The current state of LISA

An initial review of LISA found a number of issues which led to higher numbers of bugs, security vulnerabilities, reduced performance, a steeper learning curve, increased maintenance costs, and increased development costs.

These issues are outlined in the following sections:

Non-standard and incomplete packaging

Python packages are self-contained archives with metadata describing the software and dependencies. Lisa is partially packaged, but due to an atypical layout, two directories, examples” and “microsoft”, fall outside of a packageable area. The “microsoft” directory, in particular, contains runbooks and code critical for LISA’s operation. To work around this, LISA must run out of a cloned git repo. This requires additional steps of maintaining a git submodule, cloning the repo, checking out the desired branch, installing as an editable package, and using flags to enable deprecated install behavior to ensure the LISA source files are found in the Python path.
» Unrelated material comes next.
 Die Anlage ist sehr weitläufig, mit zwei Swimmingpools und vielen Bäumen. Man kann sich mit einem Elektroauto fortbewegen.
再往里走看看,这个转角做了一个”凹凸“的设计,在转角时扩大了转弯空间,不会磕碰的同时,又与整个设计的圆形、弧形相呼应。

In order to resolve the layout issues, code needs to moved out of these extra directories and the runbook path behavior needs to be modified so the runbook files included in the extra directories can be accessible from standard install locations.
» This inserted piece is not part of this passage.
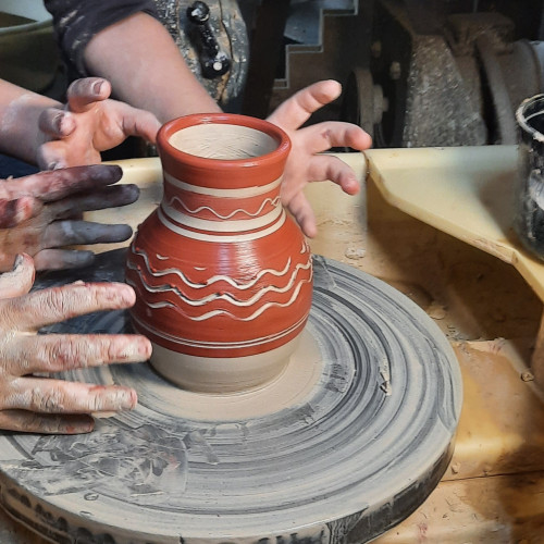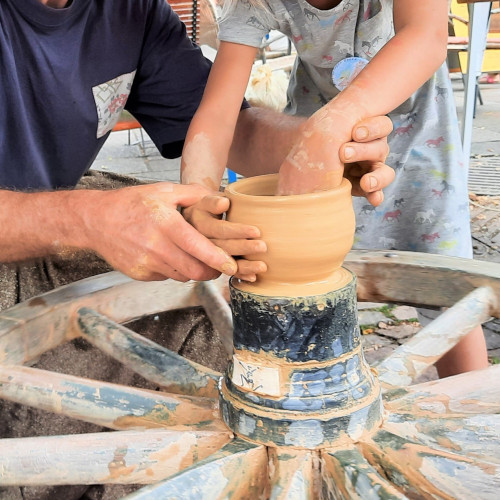 Ich bringe die Menschen mit den Wurzeln der Töpferei und der Keramik in Berührung (Erde, Schlamm, Werkzeug...) und begleite sie beim Gestaltungsprozess.

Once these change are made, LISA, can be published to PyPI and installation will be as simple as pip install lisa. This also unblocks proper packaging of the internal repo, which can be published to an internal ADO Python package index, reducing installation to adding the index URL and running pip install .... Not only will this simplify the user experience, it will speed up installation, and prevent failures once the deprecated behavior being leveraged is removed from pip.
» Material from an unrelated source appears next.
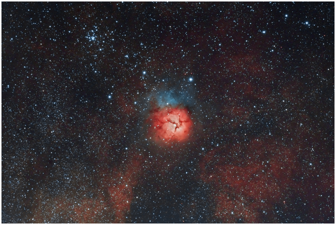 | Telescope: Stellarvue 80mm Triplet | Designation:The Trifid Nebula (catalogued as Messier 20 or M20 and as NGC 6514) is an H II region in the north-west of Sagittarius in a star-forming region in the Milky Way's Scutum-Centaurus Arm. It was discovered by Charles Messier on June 5, 1764. Its name means 'three-lobe'. The object is an unusual combination of an open cluster of stars, an emission nebula (a relatively dense, red-yellow portion), a reflection nebula (the mainly NNE blue portion), and a dark nebula (the apparent 'gaps' in the former that cause the trifurcated appearance also designated Barnard 85). Viewed through a small telescope, the Trifid Nebula is a bright and peculiar object, and is thus a perennial favorite of amateur astronomers. Wiki |

There were additional issues with packaging which have been largely addressed by lisa #2353 and a corresponding internal change. These included:

Limited test coverage

LISA has limited unit test coverage (26.64%) and fragile code. This requires changes to be manually tested for each PR. Manual testing is error prone, limited in scope, and slow. This not only increases costs, but also the time required to make changes and the likelihood of regressions. The current state reduces confidence in pushing changes, resulting in delays accepting changes. This further increases time and costs because code must be rebased multiple times.

Increasing test coverage is mainly a matter of putting resources to writing tests, but, since LISA was not written with testing in mind, testing some parts of the code may be more challenging than necessary. Writing code with testing in mind involves keeping components independent with well-defined interfaces and reasonable defaults to readily be able to use them with stubs. This is generally good software design independent of testing.

All these issues compound when implementing changes that touch multiple parts of the code. For example, a PR to resolve a security vulnerability has been sitting unmerged for a month for fear it will unexpectedly break something. With adequate test coverage, this would not be an issue.

Code quality

Standard linting was only added to LISA in November 2022 and the majority of the checks needed to be disabled because they were failing. While, in some languages, linting is purely stylistic, since Python is an interpreted language, linting is equivalent to compile-time checks for compiled languages. It is used to find bugs, security vulnerabilities, and programmatic errors. Many of the issues listed below were identified thought standard linting. Others were found through reviewing the code and documentation.

Minor to Medium effort to resolve

The items listed in this section can be resolved without invasive changes to the code.

Some issues listed have been resolved or have an open pull request. These came about as part of the review for this document and have been submitted by the author. They are included here for completeness. For these cases, the pull request is noted.

Use of deprecated modules (Fixed in 2538)

Some logic was imported from a standard library module slated for removal.

Redefinition of build-in objects (Fixed in 2507)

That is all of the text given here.